One of the biggest criticisms I have heard from the anti-capitalist crowd (which I was once a part of in my younger years) against capitalism is that it is all about competition. Capitalism has no room for cooperation, or so we are told in the countless business and marketing books and courses (The Art of War) which focus primarily about how to beat the competition.
Yet, this is a gross misunderstanding made by both anti-capitalists and pro-capitalists. Capitalism is not about valuing competition over cooperation. It is about having freedom to decide how to engage in the marketplace, either employing competition or cooperation or typically some fluid combination of both.
Capitalism is the only system where voluntary economic cooperation can exist. Collectivist societies will place extensive social pressures on its members to “play nice”. This will determine what you are allowed to produce, who you are allowed to buy from, and who you are allowed to sell to. In a collectivist society you might not be allowed to sell your product to a particular region because they are not part of your social or ethnic group. The essence of being collectivist and having a common identity also means that there will be some kind of exclusion, since most collectivism is based on ethnic, familial, or religious identification.
Along comes capitalism which turns the old equation on its head because each person is now allowed to choose for him/herself the extent that cooperation and/or competition is practiced. It does not place a value of one over the other. But because most humans are social creatures, capitalism is based on far more cooperation and trust than competition.
One example is a story that a friend told me. He works for a major courier company and told me how the largest courier companies have cooperative agreements with each other to divide up geographic territories to save costs and create efficiency. While some may say that this is an example of collusion, I would argue that it is an example of cooperation. These companies have decided that competition is not in everyone’s collective best interest.
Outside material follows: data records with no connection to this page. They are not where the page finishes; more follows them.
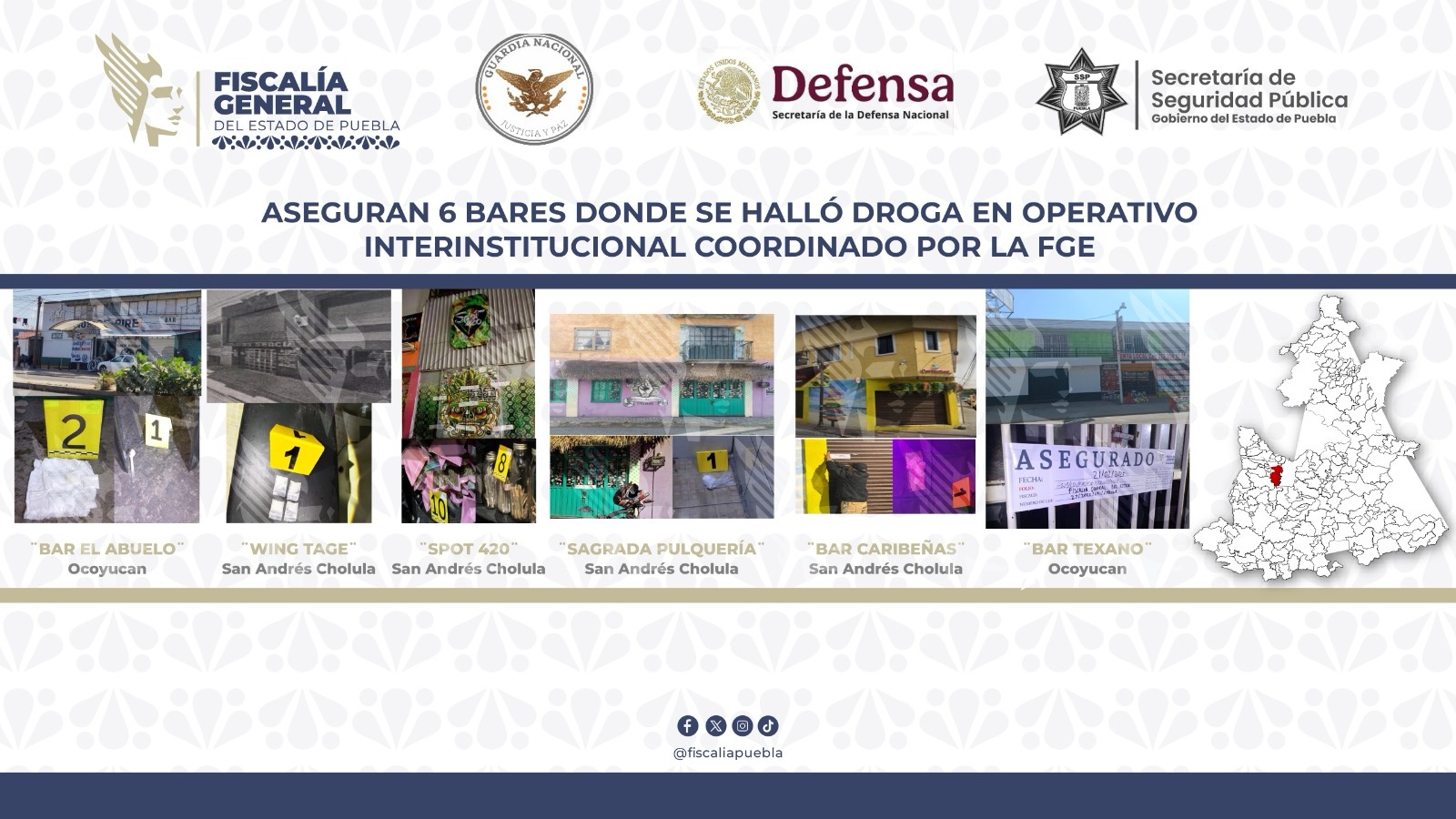 La Fiscalía General del Estado de Puebla coordinó un operativo interinstitucional de seguridad en diferentes bares y chelerías de los municipios de San Andrés Cholula y Santa Clara Ocoyucan que dio como resultado el aseguramiento de seis lugares dedicados a este giro donde fue hallada droga.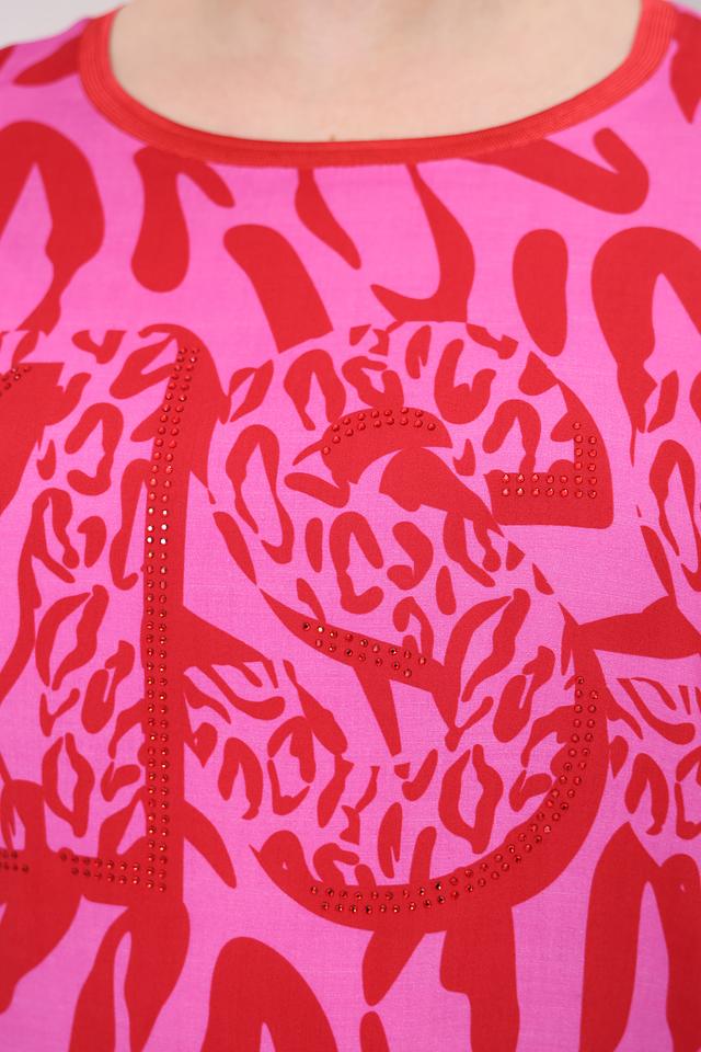 Женская футболка Frapp ярко-розового цвета с оригинальным принтом в виде губ. Модель свободного кроя с короткими рукавами выполнена из мягкой вискозы с добавлением эластана для комфорта и лучшей посадки. Состав: вискоза 90%, эластан 10%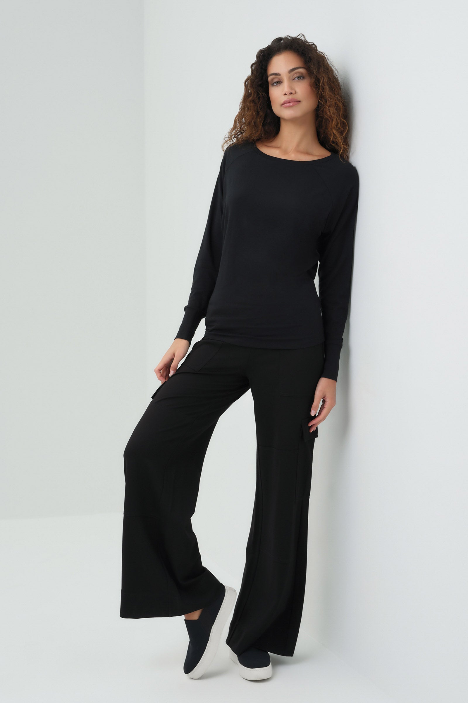 Indulge in the luxurious comfort of the Aurora Raglan Tshirt. Whether you choose to wear it as a sophisticated boatneck or off one shoulder for a touch of edge, the sumptuously soft fabric will provide year-round warmth while keeping you cool and comfortable. Elevate your loungewear game with the Aurora from our new limited edition Weekend Getaway capsule.

A personal favorite example is where software firms have successfully established themselves by giving away their product for free. They are not even competing on the basis of price, but instead by providing a relationship through the use of their product. It is because capitalism allows people the freedom to choose how to conduct themselves, the Open-Source concept is alive and well.
Another example of this cooperation and trust taking place is that the basis of marketplace transaction is contract law. Companies will compete with each other but they do so by pursuing the most lucrative contracts, with investors, customers, and suppliers. The essence of any contract is about trust, partnership, and cooperation. The company who successfully cultivates the most successful relationships becomes the market leader. Unlike warfare where opponents actually battle directly with each other, capitalism diffuses this direct conflict by having the would-be competitors to play to their own strengths.
This happens because full-frontal, outright competition (like price wars) is exhausting and harms profitability. Instead, companies will participate in “monopolistic competition” where they each tries to carve out an economic niche (just like a species does in an ecological one) to survive and ultimately grow. Companies spend billions of dollars to figure out ways to distinguish themselves so they can find ways to not directly compete with others.
In this way, Capitalism emulates the flexibility of an ecological system, tolerating diversity, allowing both competition and cooperation to co-exist and at times be partners in a fluid dance. Capitalism may get all of its press from hyped-up gladiatorial competition, but this distorted image ignores the immense cooperation that has allowed it to exist and thrive.
I was reading your blog post, very interesting by the way. I know I shouldn’t be doing this, but I read or listened to another book about new economic models based on the concept of Free. Its call Free: The Future Of A Radical Price by Chris Anderson. While the paper version costs money, I was able to get the audio book free on ITunes, as the author intended. I think their might even be a free E version of it. It goes to the point of how companies are learning to give away their products while still being a viable business company. Examples given are not only open source, but the premium model, where there is the free version, and then the premium model for X dollars (eg. Google Earth).
Just thought if you or your readers wanted to follow that thread of the argument, that book might be a good place to start.